Reforma de la Iglesia: la conversión



La reforma universal de la Iglesia estuvo en el corazón de los Santos que la iniciaron en sí mismos, bajo el ejemplo de los Apóstoles: es esto lo que contra distingue la verdadera reforma de la Iglesia.

La misión de la Iglesia en el mundo es dar gloria a Dios y salvar al hombre, de otro modo no podría corresponder a la vocación de espejo del “Lumen Gentium” que es Jesucristo. Entonces, solo de Él viene el auxilio para renovar las costumbres de los hombres de la Iglesia, cosa urgente para toda generación. Los eclesiásticos en particular, son puestos como candelas en el candelabro para atraer a cuantos necesitan conversión. Estar puestos en el candelabro, según el Apocalipsis, significa ser espejo de cada virtud y más aún antorcha de la fe, y así Cristo puede ejercitar su encanto para salvar al hombre. Este es el primer fundamental criterio de reforma: atraer dulcemente sin obligar, concientes que los fieles en general siguen a los eclesiásticos dócilmente, también cuando lamentablemente reciben enseñanzas y ejemplos malos que no saben discernir rápidame! nte. Y esto es el escándalo de los fieles o, como dice Pedro, lleva desorden a la familia del Señor. Si en cambio las cabezas son humildes y obedientes, se podrá exigir lo mismo de los miembros del cuerpo eclesial.

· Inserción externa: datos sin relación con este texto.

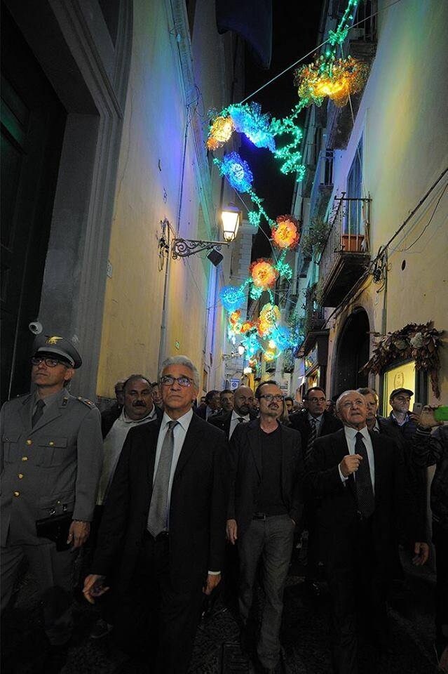 Inaugurata sabato 5 l'edizione 2016 delle luci d'artista a Salerno. Tra i presenti anche l'attore Rocco Papaleo. Due le novità di quest'anno:“Il Cielo Stellato” e la ruota panoramica sul lungomare. (foto Facebook/comune di salerno - Massimo Pica e da facebook.com/lucidartistacomunesalerno)

Un segundo criterio para una seria reforma es el atento diagnóstico de los males que desgastan a la Iglesia, o de las “llagas” como las llamaba Antonio Rosmini, para poder prescribir para cada uno de ellos el remedio correspondiente. Los han señalado varias veces en nuestros tiempos Juan Pablo II y ahora también el Papa Benedicto XVI. Al inicio de “Informe sobre la fe” de Joseph Ratzinger, entonces Cardenal, tenemos una óptima diagnosis y al mismo tiempo la terapia para una renovación contemporánea “in capite et in membris”, comenzando por quien está arriba, de modo que el ejemplo involucre a los miembros. Desde el Papa a los Cardenales, de los Patriarcas a los Arzobispos, de los Obispos a los Párrocos, todos han recibido tal encargo para cuidar del rebaño del Señor y no para apacentarse a sí mismos. Si se reflexiona sobre la etimología griega y latina de l! os títulos, se nota que todos se refieren en la raíz un ser cabeza para los otros “pater” para Papa, “cardo” para Cardenal, “archè” para Patriarca y Arzobispo, “super” para Obispo y Párroco: este ser cabeza, en realidad debe semejarse al Pastor supremo de nuestras almas, como dice san Pedro, que es el Señor. Ahora, ¿se da gloria a Dios y se edifica a los fieles si al principio de nuestro ministerio ponemos la afirmación de nosotros mismos en vez que la gloria de Dios? ¿Se da gloria a Dios y se edifica a los fieles si cuando hemos alcanzado el límite de edad para realizar todo aquello que debíamos hacer, continuamos ocupándole lugar al que habíamos sido llamados? ¿Se da gloria a Dios y se edifica a los hermanos si en vez de predicar el nombre de Jesús según el oficio sacerdotal que hemos asumido, nos inmiscuimos en los asuntos terrenos, económicos, sociales y políticos? Gregorio Magno estaba triste por este modo de vivir de los pastores y para hacer eficaz el llamado a la reforma, llegaba a incluirse a sí mismo: “Nosotros abandonamos el ministerio de la predicación y somos llamados obispos, pero tal vez para nuestra condena, dado que poseemos el título honorífico y no las cualidades… ¿Pero como será posible que nosotros enmendemos la vida de los otros si descuidamos la nuestra?”.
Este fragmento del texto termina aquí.